(Dataset excerpt begins)

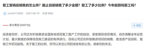 6月18日,有投資者在投資互動(dòng)平臺(tái)上向泰禾集團(tuán)咨詢關(guān)于復(fù)工復(fù)銷后銷售情況等問(wèn)題。對(duì)此,泰禾方面回應(yīng)稱,公司正在積極推進(jìn)全國(guó)各地項(xiàng)目復(fù)工復(fù)產(chǎn)工作的啟動(dòng),緊密跟蹤項(xiàng)目情況,動(dòng)態(tài)調(diào)整全年運(yùn)營(yíng)計(jì)劃,最大限度的保障項(xiàng)目施工建設(shè)的有序進(jìn)行。目前公司正在積極推進(jìn)項(xiàng)目的銷售,盤活資產(chǎn)促回款,復(fù)銷工作初見(jiàn)起色。(中國(guó)房地產(chǎn)網(wǎng))
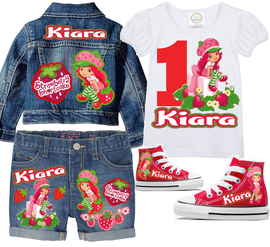 Strawberry Shortcake Short Set-Strawberry Shortcake Birthday outfit-Strawberry Shortcake denim Birthday outfit
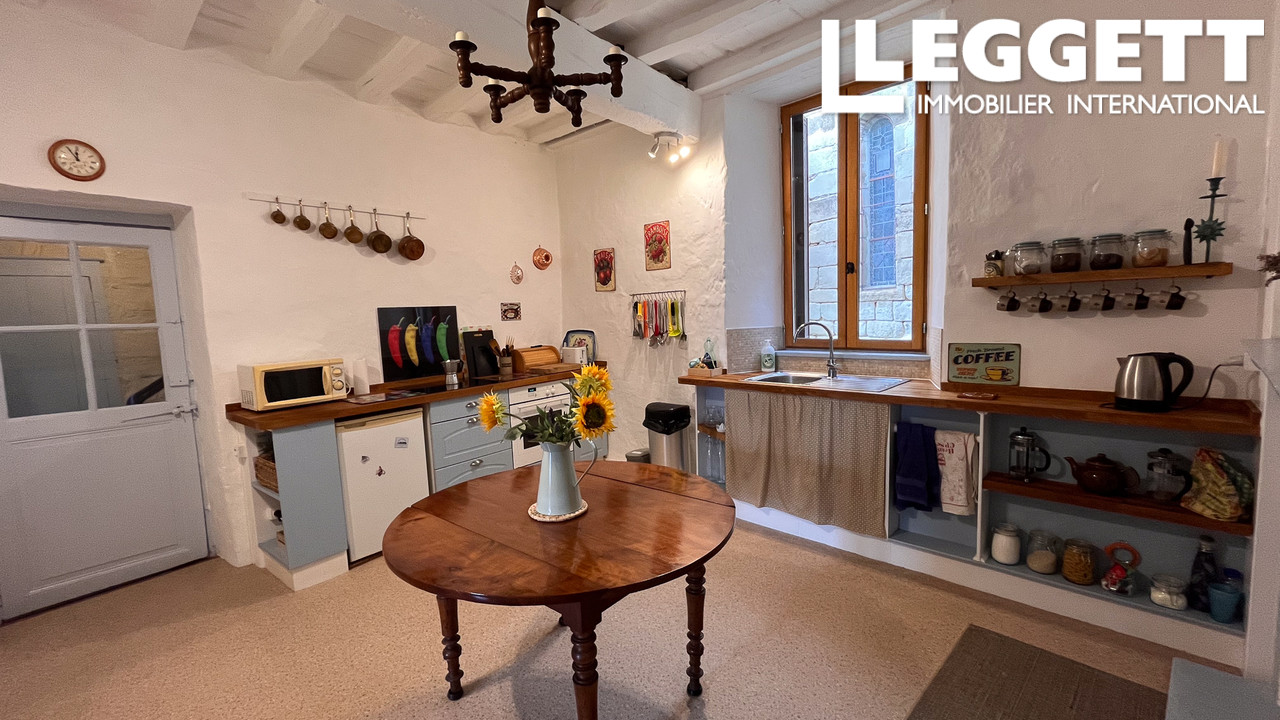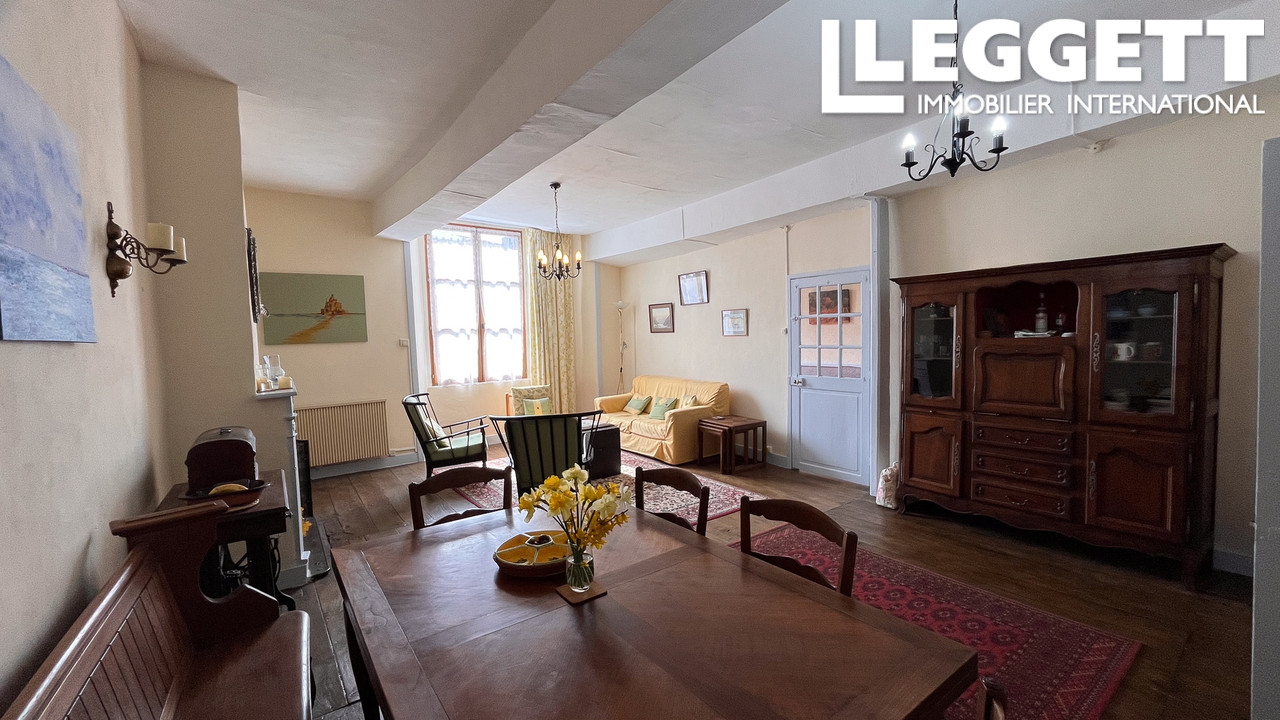 A36050CWN87 - Charmante maison de village de 3 chambres à coucher avec jardin de cour, espaces de vie spacieux et pièce mansardée polyvalente. Les caractéristiques comprennent un couloir lumineux, une cheminée accueillante, un poêle à bois, une cave avec un atelier et une buanderie, ainsi qu'un parking hors route.

(Dataset excerpt ends)

__Task directions__:
Repeat the material exactly as it reads, without any of its pictures.

__Your solution__:
 6月18日,有投資者在投資互動(dòng)平臺(tái)上向泰禾集團(tuán)咨詢關(guān)于復(fù)工復(fù)銷后銷售情況等問(wèn)題。對(duì)此,泰禾方面回應(yīng)稱,公司正在積極推進(jìn)全國(guó)各地項(xiàng)目復(fù)工復(fù)產(chǎn)工作的啟動(dòng),緊密跟蹤項(xiàng)目情況,動(dòng)態(tài)調(diào)整全年運(yùn)營(yíng)計(jì)劃,最大限度的保障項(xiàng)目施工建設(shè)的有序進(jìn)行。目前公司正在積極推進(jìn)項(xiàng)目的銷售,盤活資產(chǎn)促回款,復(fù)銷工作初見(jiàn)起色。(中國(guó)房地產(chǎn)網(wǎng))
 Strawberry Shortcake Short Set-Strawberry Shortcake Birthday outfit-Strawberry Shortcake denim Birthday outfit
 A36050CWN87 - Charmante maison de village de 3 chambres à coucher avec jardin de cour, espaces de vie spacieux et pièce mansardée polyvalente. Les caractéristiques comprennent un couloir lumineux, une cheminée accueillante, un poêle à bois, une cave avec un atelier et une buanderie, ainsi qu'un parking hors route.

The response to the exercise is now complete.